▶ WORK ORDER
Reproduce the listing below from the line with "Upptäck våra charmiga, handgjorda" to the line with "Acest suport multifuncțional", both lines included, character for character, minus any pictures.

==== INFORMATION ====

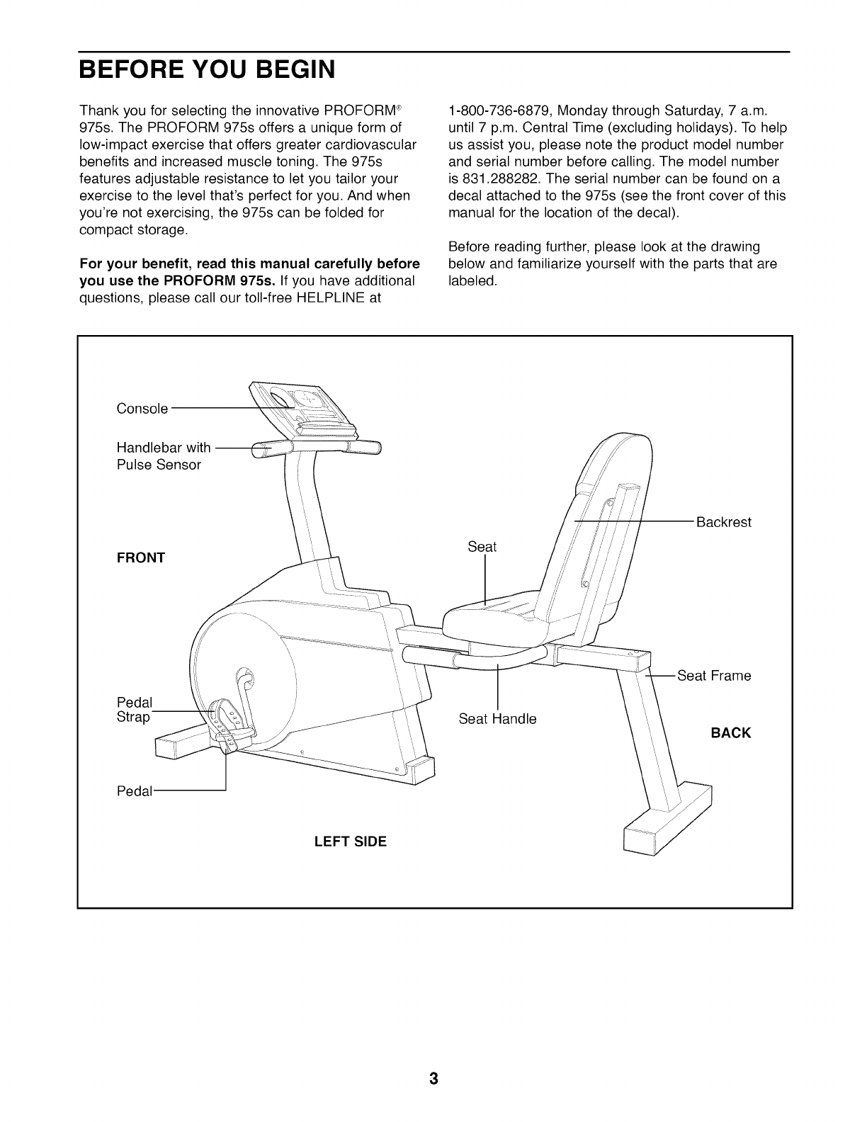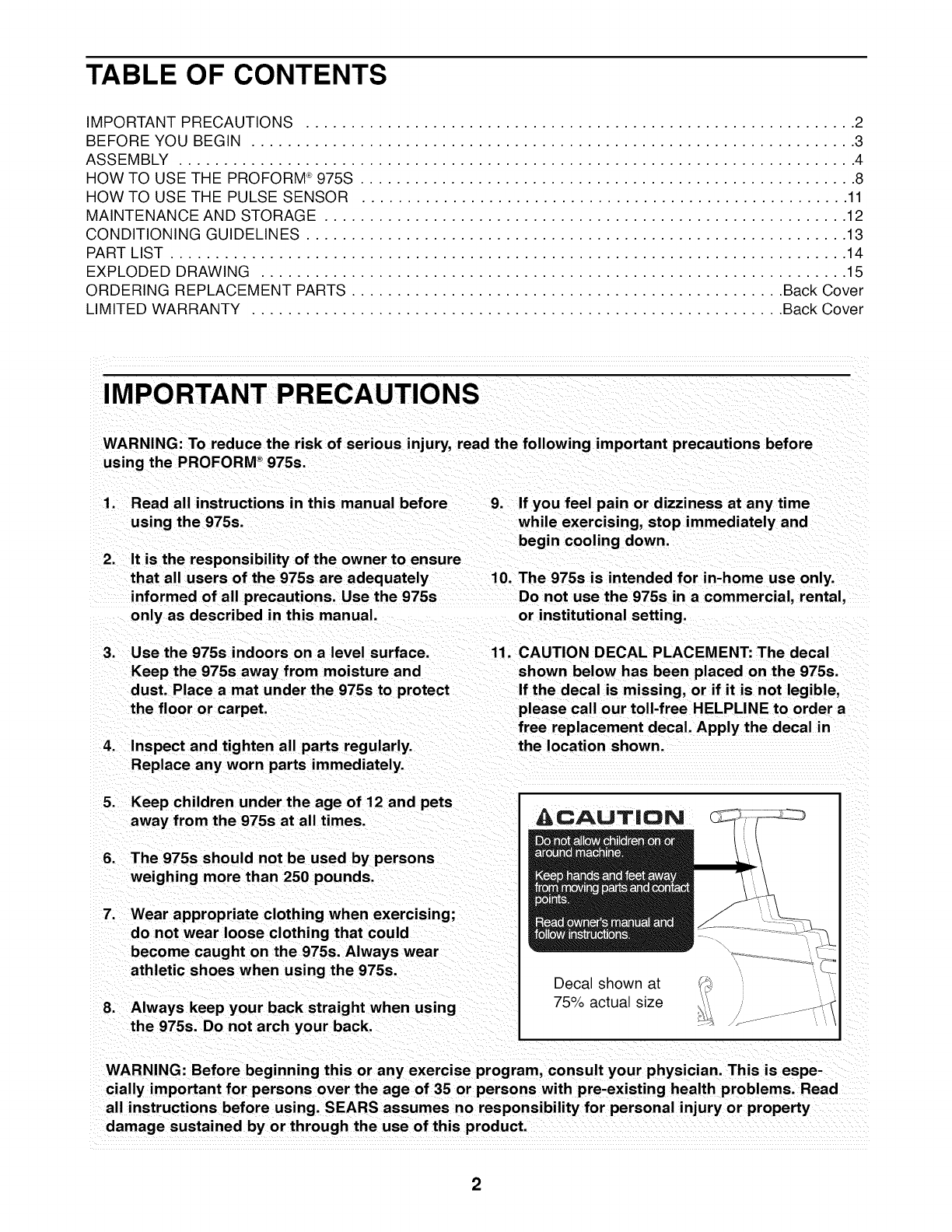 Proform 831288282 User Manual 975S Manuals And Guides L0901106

====
==== INFORMATION ====

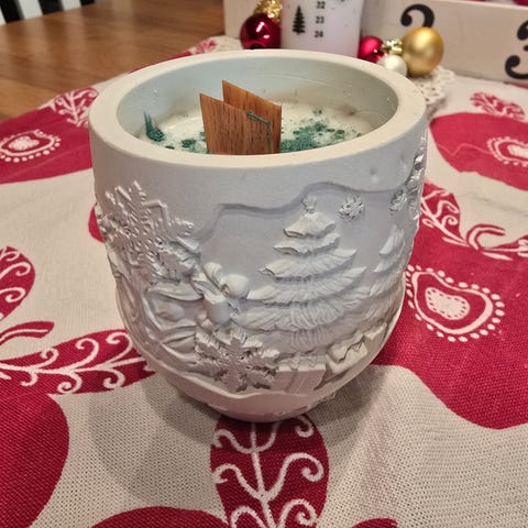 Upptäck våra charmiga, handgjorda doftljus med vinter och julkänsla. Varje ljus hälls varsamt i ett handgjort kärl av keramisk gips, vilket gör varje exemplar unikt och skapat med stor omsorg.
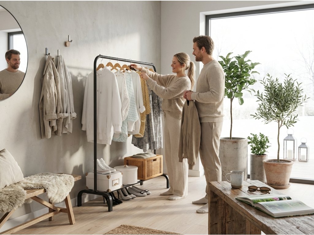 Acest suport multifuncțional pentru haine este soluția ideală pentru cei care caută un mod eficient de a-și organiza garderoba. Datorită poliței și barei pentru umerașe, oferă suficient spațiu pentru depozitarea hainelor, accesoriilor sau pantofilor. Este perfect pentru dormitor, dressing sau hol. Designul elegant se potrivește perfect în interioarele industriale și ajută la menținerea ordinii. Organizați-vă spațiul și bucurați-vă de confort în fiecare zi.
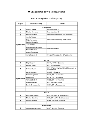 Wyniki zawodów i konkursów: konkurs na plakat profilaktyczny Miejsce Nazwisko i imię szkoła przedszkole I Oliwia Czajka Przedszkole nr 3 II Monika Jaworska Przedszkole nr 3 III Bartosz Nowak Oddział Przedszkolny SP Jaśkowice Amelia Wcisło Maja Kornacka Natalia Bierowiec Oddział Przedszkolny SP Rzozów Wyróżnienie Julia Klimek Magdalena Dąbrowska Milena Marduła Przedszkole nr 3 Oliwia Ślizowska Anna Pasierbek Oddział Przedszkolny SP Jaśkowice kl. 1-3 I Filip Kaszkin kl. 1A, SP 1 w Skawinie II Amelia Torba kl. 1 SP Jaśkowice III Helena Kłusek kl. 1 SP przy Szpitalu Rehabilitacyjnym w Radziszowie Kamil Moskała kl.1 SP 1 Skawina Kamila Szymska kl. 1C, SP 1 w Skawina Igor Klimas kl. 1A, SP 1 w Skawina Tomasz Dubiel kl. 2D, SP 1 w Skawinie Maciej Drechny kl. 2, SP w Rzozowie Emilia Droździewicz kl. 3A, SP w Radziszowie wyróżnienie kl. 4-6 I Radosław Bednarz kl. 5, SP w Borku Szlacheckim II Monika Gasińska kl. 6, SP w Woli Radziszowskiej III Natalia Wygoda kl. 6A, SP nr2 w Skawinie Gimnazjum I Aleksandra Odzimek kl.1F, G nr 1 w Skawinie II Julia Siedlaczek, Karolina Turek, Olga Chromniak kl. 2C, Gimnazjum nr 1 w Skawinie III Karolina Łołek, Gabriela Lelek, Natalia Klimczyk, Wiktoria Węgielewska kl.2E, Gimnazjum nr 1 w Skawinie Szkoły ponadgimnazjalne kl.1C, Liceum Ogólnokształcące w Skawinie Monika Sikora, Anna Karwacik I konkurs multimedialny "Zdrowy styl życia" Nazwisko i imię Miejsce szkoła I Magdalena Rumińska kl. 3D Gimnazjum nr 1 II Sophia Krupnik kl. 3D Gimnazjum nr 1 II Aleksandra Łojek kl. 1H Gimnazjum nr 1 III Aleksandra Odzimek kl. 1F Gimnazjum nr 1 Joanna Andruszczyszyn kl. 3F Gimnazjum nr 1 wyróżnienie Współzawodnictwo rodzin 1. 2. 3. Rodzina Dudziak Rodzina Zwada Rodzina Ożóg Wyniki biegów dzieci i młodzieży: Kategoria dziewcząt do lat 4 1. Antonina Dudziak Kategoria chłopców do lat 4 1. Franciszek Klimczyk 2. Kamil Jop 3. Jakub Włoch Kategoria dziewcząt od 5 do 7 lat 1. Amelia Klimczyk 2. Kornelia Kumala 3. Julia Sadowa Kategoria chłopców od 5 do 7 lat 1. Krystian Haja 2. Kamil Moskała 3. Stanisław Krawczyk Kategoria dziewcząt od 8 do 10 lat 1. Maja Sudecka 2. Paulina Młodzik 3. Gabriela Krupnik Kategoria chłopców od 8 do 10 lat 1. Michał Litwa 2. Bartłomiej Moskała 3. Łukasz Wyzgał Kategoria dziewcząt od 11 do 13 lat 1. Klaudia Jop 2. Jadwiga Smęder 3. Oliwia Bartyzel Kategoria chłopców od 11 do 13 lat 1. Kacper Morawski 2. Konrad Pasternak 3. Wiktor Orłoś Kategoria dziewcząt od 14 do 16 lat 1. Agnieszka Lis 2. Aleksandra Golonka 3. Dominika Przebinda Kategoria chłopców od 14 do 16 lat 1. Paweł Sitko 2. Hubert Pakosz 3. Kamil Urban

====
==== INFORMATION ====

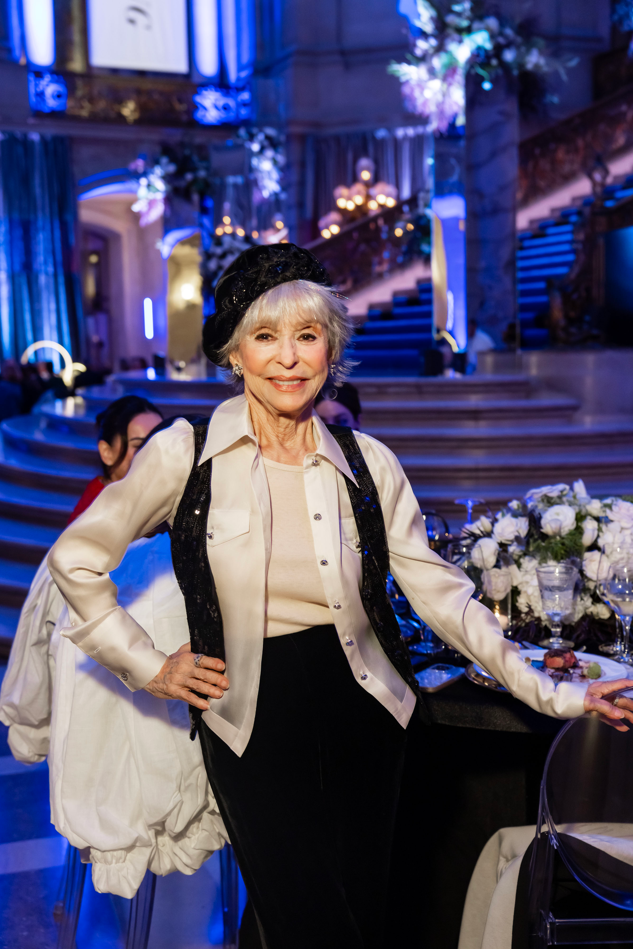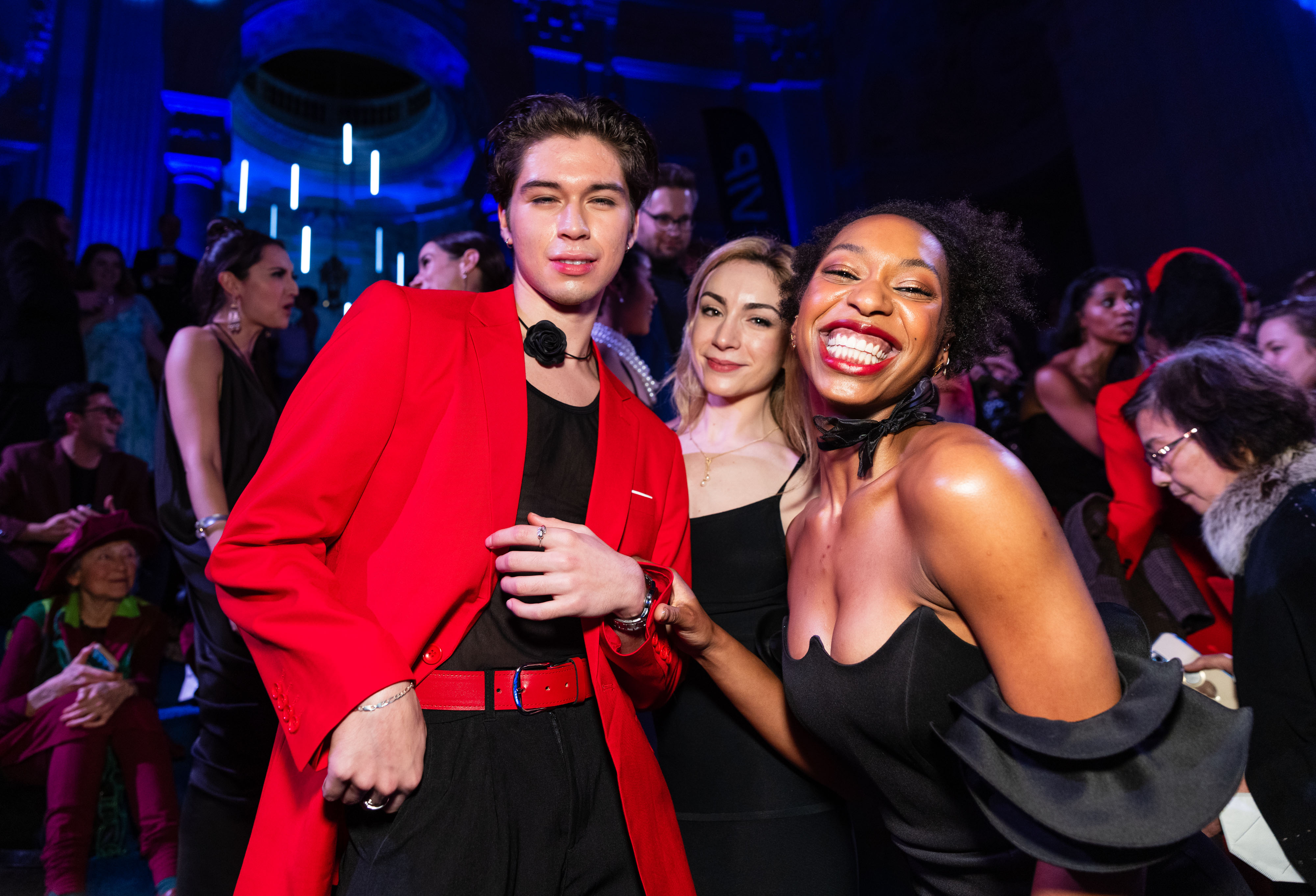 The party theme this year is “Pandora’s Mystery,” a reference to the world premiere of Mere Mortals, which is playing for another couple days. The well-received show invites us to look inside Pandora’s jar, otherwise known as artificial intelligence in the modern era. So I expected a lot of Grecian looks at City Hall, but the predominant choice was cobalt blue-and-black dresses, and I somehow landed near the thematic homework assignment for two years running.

====

▶ ANSWER BOX
 Upptäck våra charmiga, handgjorda doftljus med vinter och julkänsla. Varje ljus hälls varsamt i ett handgjort kärl av keramisk gips, vilket gör varje exemplar unikt och skapat med stor omsorg.
 Acest suport multifuncțional pentru haine este soluția ideală pentru cei care caută un mod eficient de a-și organiza garderoba. Datorită poliței și barei pentru umerașe, oferă suficient spațiu pentru depozitarea hainelor, accesoriilor sau pantofilor. Este perfect pentru dormitor, dressing sau hol. Designul elegant se potrivește perfect în interioarele industriale și ajută la menținerea ordinii. Organizați-vă spațiul și bucurați-vă de confort în fiecare zi.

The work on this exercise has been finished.